5G Spectrum Incentives
5G deployment and market penetration are largely dependent on the required expansions of existing 4G networks. Infrastructure development and fast time-to-market are critical factors for a successful 5G technology use case.
Standardization bodies, National Regulators, Vendors, and MNOs should, therefore, work together to make the investment on 5G infrastructure meaningful and worthwhile.
Reduced TCO and attractive Return on Investment (ROI) is the primary target of all Operators. But what are the incentives regarding spectrum management and allocation that will enable the industry to evolve and give the extra boost on 5G technology?
Spectrum-efficiency techniques: In the last several years a lot of new wireless hardware with advanced techniques have been developed that provide efficient spectrum management, such as Adaptive Modulation (AM), Cross-Polar Interference Cancellation (XPIC), Multiple-In-Multiple-Out (MIMO) and Channel Aggregation (CA) to name a few.

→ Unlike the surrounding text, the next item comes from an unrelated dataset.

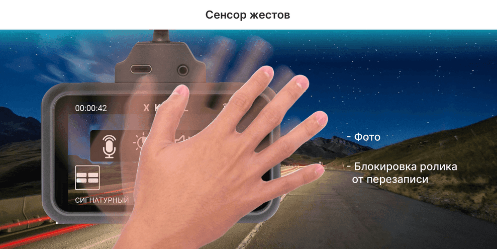 TrendVision TDR-725 Real 4K Max оснащён высокочувствительным сенсором жестов, благодаря которому есть возможность одним взмахом руки перед аппаратом сделать фото или заблокировать текущий ролик от перезаписи.

Regulatory authorities need to provide cost reductions to give incentives to the Operators to use these techniques and save on spectrum usage and possible interference issues.

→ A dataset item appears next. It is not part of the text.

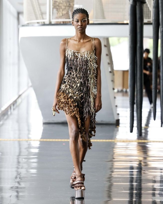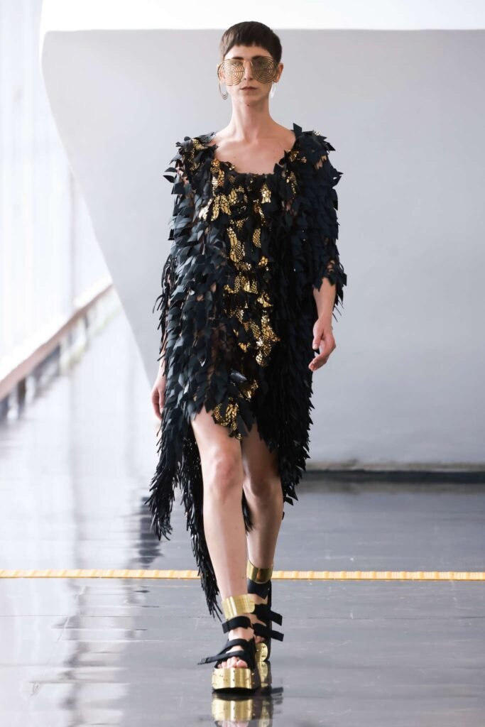 As peças são bordadas com paetês feitos a partir de resíduos têxteis em vários formatos. Além de cristais Swarovski e metais e joias de Carlos Penna, em vestidos curtos e médios com pontas assimétricas e finalizados com saltos tipo plataforma ou paletes criadas a partir de peças da Rider. A novidade são os pedaços de couro cortados laser, que dá forma a estruturas armadas usadas nos ombros.

Cost per link: For 5G network demands, the needed capacities will be in the range of 1 up to 10Gbps per gNode B. To support these high data rates, the channel bandwidth will have to increase accordingly. If charging remains at similar levels and in multiples of existing rates, the cost per link will grow exponentially. Reduction of cost per link is essential to support 5G deployment.
Migration to Millimeter-wave: In the millimeter-wave region large amounts of spectrum is available compared to the traditional frequency bands. This spectrum can serve the high capacities needed to support the new 5G super-fast services. Furthermore, millimeter-wave above 42 GHz is a new region with low current footprint. National Regulators will, therefore, have to apply flexible and light charging schemes to give incentives for millimeter-wave deployment.

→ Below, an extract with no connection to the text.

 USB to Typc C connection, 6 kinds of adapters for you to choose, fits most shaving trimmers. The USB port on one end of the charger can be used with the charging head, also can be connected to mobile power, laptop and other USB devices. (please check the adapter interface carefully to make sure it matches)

Antenna technology: NRAs should provide incentives for higher category (according to FCC) and higher Class (according to ETSI) directional antenna usage. Microwave antennas with more strict radiation patterns and narrower beam-widths may provide increased spectrum efficiency and decreased levels of interference, thus allowing frequency reuse and more efficient spectrum sharing to mobile operators.
New frequency bands: The telecom industry should actively support the evolution and migration to new frequency bands (e.g., W and D-band). SDOs should make clear recommendations on spectrum allocation and regulators should be able to quickly adopt these recommendations on the local level for new commercial products to become generally available and support the 5G capacity demands.
Enhancing the 5G potential
5G is now on the verge of initial deployments, and the 5G business case is highly dependent on the ease of implementation and fast time-to-market.
Regulators should, therefore, promote flexible spectrum use and efficient spectrum management by supporting the millimeter-wave migration, applying unlicensed or light-licensing schemes, and embracing advanced spectrum efficient techniques.
Only by providing the right incentives, the Telecom Industry will be able to expand the 5G vision, evolve the 5G ecosystem and transform the lives of millions.